§ **Problem statement**: Pictures in the records below must be left out. Return exactly the lines from the line with "This is a white" to the line with "サイドから突破して山原がシュートまで行った場面もあったけど、ゴールは生まれず。", both included.

§ **Extracted records**:
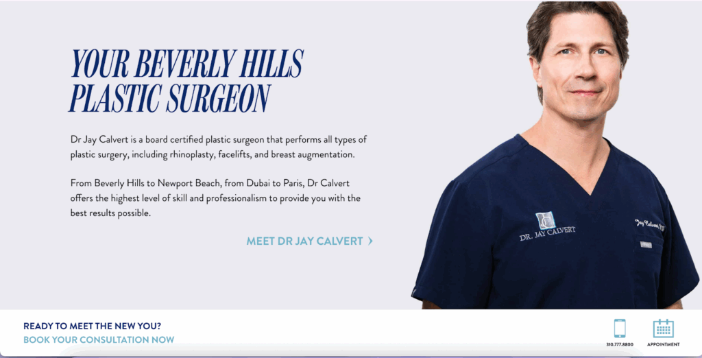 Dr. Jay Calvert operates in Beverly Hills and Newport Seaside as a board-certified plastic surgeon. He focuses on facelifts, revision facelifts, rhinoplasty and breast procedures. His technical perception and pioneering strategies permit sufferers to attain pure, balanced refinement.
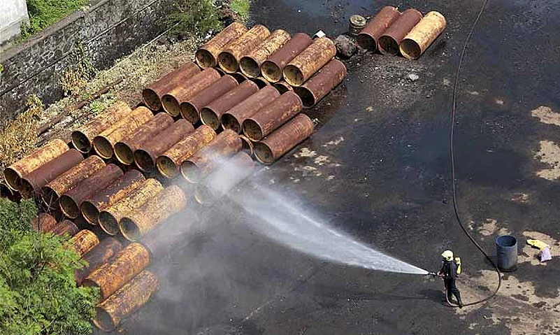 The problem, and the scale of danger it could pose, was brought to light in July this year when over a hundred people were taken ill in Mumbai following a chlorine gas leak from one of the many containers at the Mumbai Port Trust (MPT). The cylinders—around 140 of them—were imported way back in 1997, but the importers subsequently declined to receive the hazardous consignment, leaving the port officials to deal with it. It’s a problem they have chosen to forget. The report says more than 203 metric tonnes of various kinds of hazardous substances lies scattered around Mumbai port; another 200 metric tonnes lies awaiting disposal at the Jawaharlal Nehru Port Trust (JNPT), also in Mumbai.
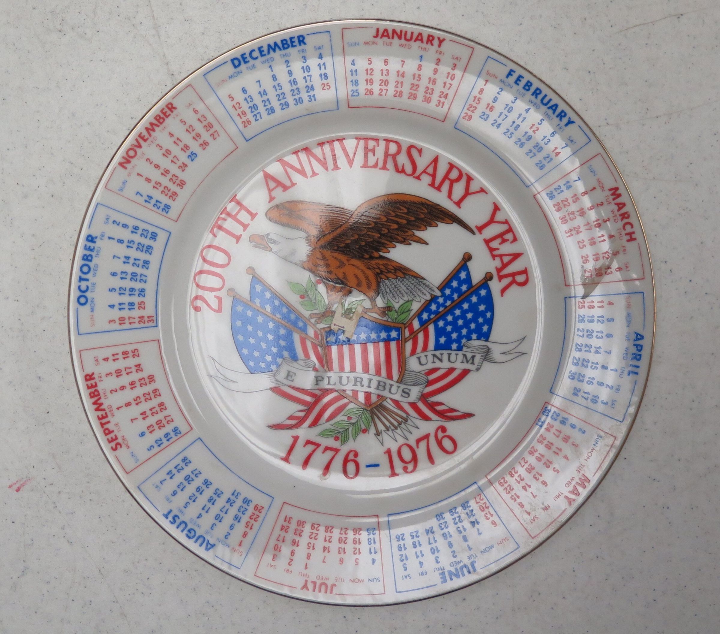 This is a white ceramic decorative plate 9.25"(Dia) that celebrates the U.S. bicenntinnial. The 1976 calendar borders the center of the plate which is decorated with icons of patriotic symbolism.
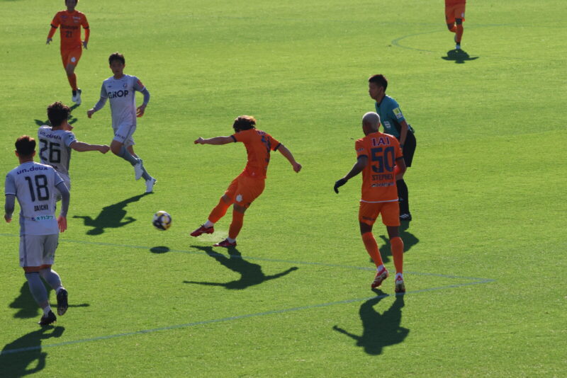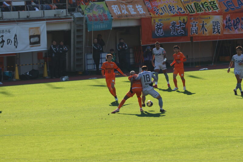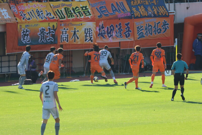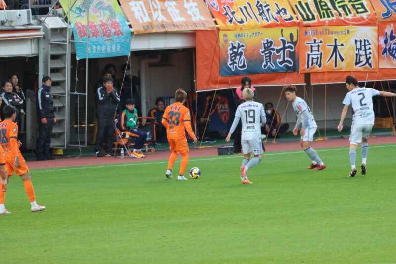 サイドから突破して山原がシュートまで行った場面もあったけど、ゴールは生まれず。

--

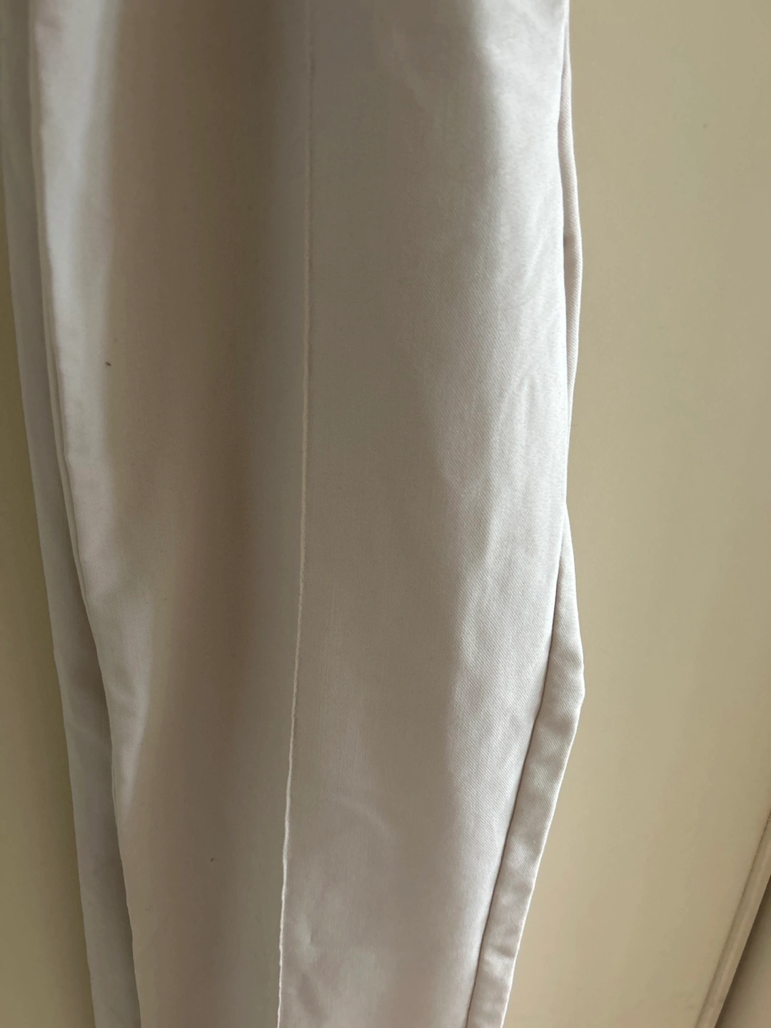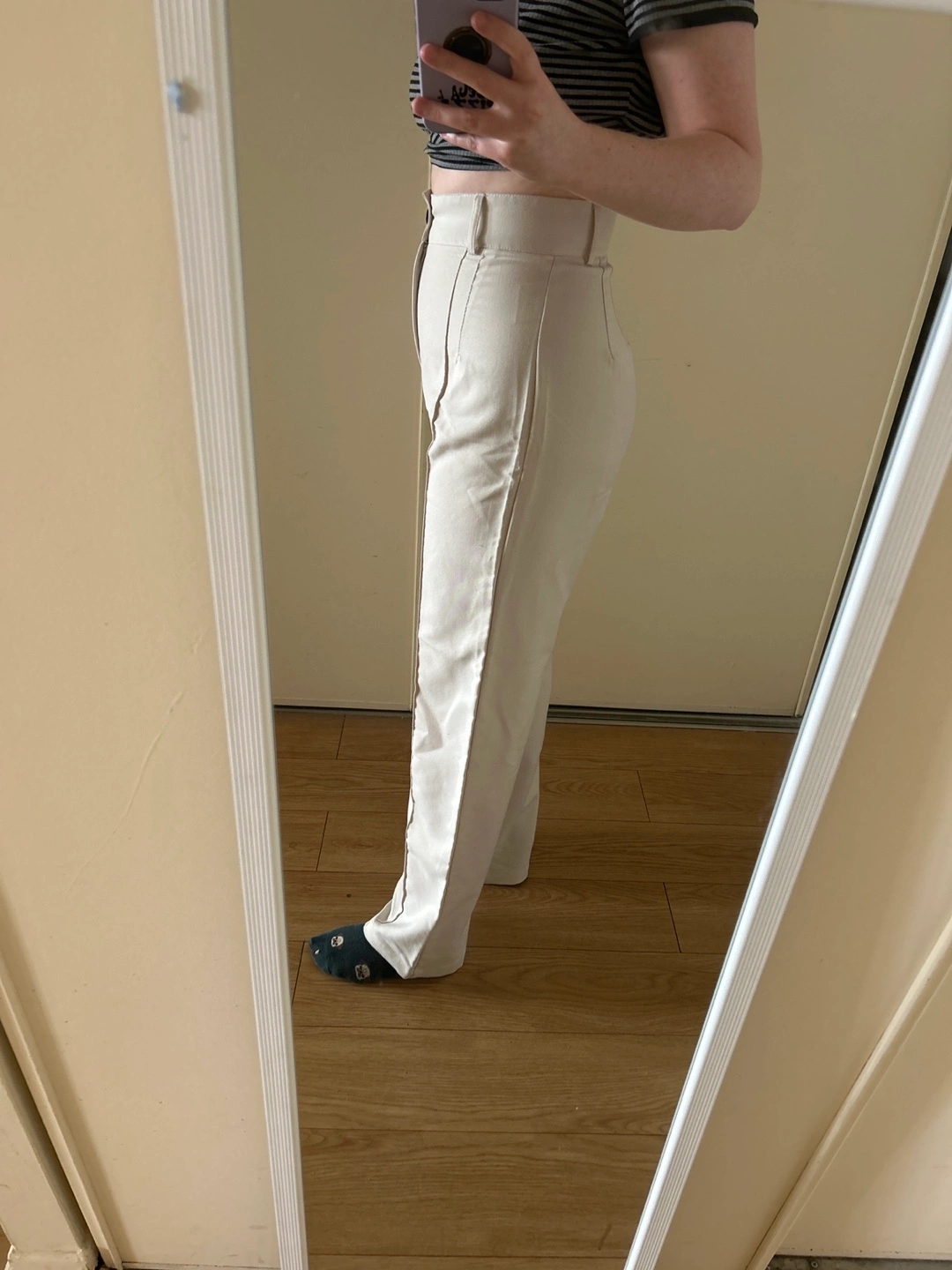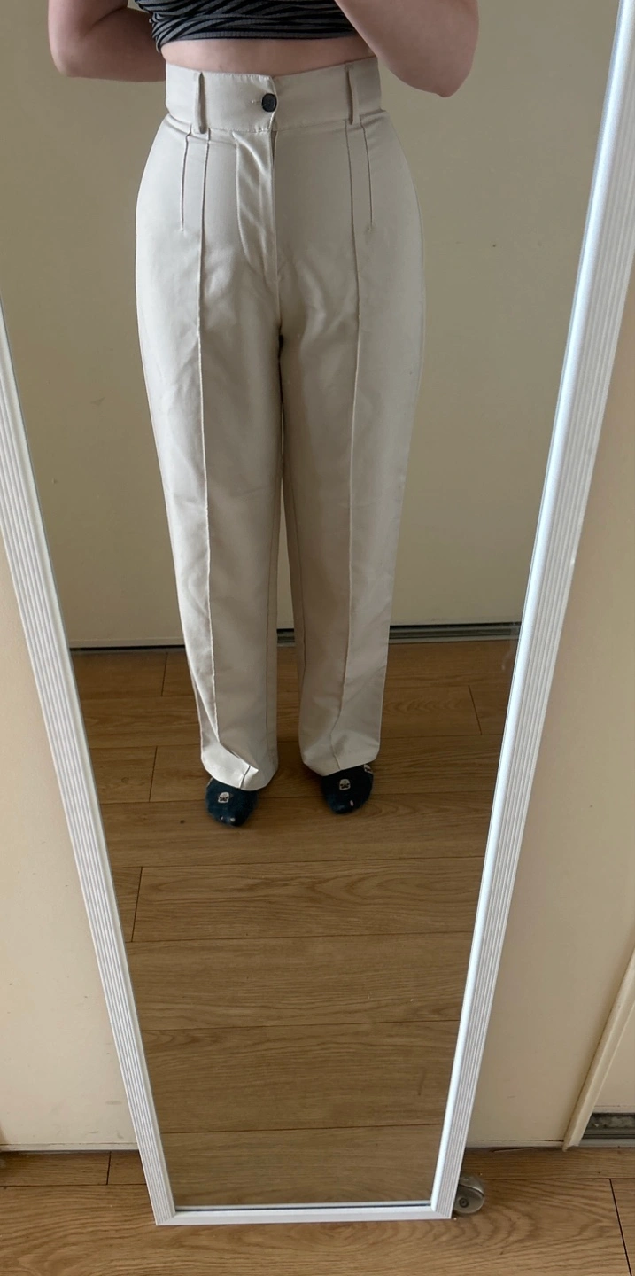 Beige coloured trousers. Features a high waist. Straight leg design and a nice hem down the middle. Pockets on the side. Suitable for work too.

§ **Result of this exercise**:
 This is a white ceramic decorative plate 9.25"(Dia) that celebrates the U.S. bicenntinnial. The 1976 calendar borders the center of the plate which is decorated with icons of patriotic symbolism.
 サイドから突破して山原がシュートまで行った場面もあったけど、ゴールは生まれず。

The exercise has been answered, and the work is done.